MPU Background and issues

The MPU is a -200 MPU which is very similar to the Bally -35 board with the exception that the -200 has a second 5101 Chip and it runs at a higher clock speed. It is a VERY stable board, and has far less hassles if you want to upgrade the board to using 2732K Eproms to replace the original masked ROMS.

The problem with the original masked ROMs is that they are no longer available, and when they are damaged, the only real fix is to replace them with Eproms. 2716K or 2732K are the options. For the Galaxy MPU, it had an issue whereby the board would be "locked on" every 10 reboots. The problem is typical of these boards if the ROM sockets are bad, component failure (one of the ROMs, PIA or CPU) or corrosion from the battery around the reset section.

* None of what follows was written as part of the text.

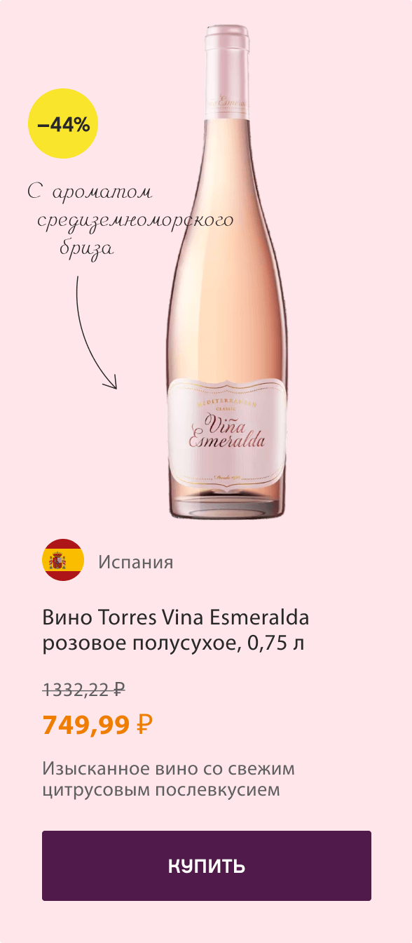 | Вы — розовое вино. Любите мечтать и обожаете приключения. Очаровываете окружающих своей лёгкостью и свежестью как Torres Vina Esmeralda. |

For this particular board, the masked ROMs had brittle legs. One of the legs on U1 ROM was broken after I attempted to clean it with sandpaper. The only option was to upgrade the ROMs. I downloaded the ROMs from the Internet Pinball Database and combined them into one binary file. Then I used my Willem Programmer to program the new ROMs on to 2732K Eproms. Then next step was to set the correct jumpers on the MPU to accommodate 2732K Eproms. According to Clay's guide, the jumpers should be set to ;

E1-E2
E4-E5
E13-E15
E24-E25
E16-E18
E32-E33
E34-E35

The process to convert the original board is simple. Record the current jumper configuration. If it is a factory configuration, then this is the procedure to convert the  board for 2732K Eproms ;

Remove E2-E3
Solder E1-E2
Remove E5-E7
Solder E4-E5
Remove E8-E9
Remove E12-E13
Solder E13-E15
Remove E19-E20
Remove E22-E25
Solder E24-E25
Remove E26-E28
Remove E29-E31

This will give you a configuration for a combined U1 + U2 on a 2732K Eprom, installed in the U2 Socket, and a combined U5 + U6 on a 2732K Eprom, installed in the U6 Socket

Completing this process gave me a bootable -200 board with new 2732K Eproms at U2 and U6

The problem of the boot sequence locking up once every 10 boots is still a problem. A neat little test it to short out pins 39-40 on the CPU. This simulates a RESET of the CPU, which is the same as the RESET signal from the reset circuit. It worked every time, and the real test was to have the reset work at the CPU when the board was locked. Time to "bite the bullet" and replace the Reset Circuit with a Corrosion Kit from GPE. I've done PLENTY of these in the past, so they are easy - and it is time to document it.


The MPU Board

Here's the Galaxy MPU board with the replacement Eproms installed. It boots 9/10 times. The battery is removed revealing only a small small amount of corrosion - but even the smallest amount can cause problems. I will be components in the reset section.



The Reset Section

In the picture below, you can just see evidence of the corrosion. R1, R3, Q1 and Q5. These will be the culprits, but rather than replace them, I always replace all components in this "corrosion zone". You can also see sections like the base of R12 - this is the start of a potential problem. The damage has been done.




CMOS RAM 5101

Rule of thumb - Wear a static wrist strap and use the correct tools to remove the 5101. DO NOT TOUCH THE LEGS. They are CMOS devices suseptible to static and they are easily damaged. I've done a few in the past. They are expensive and are fast becoming a rare part. Please be careful !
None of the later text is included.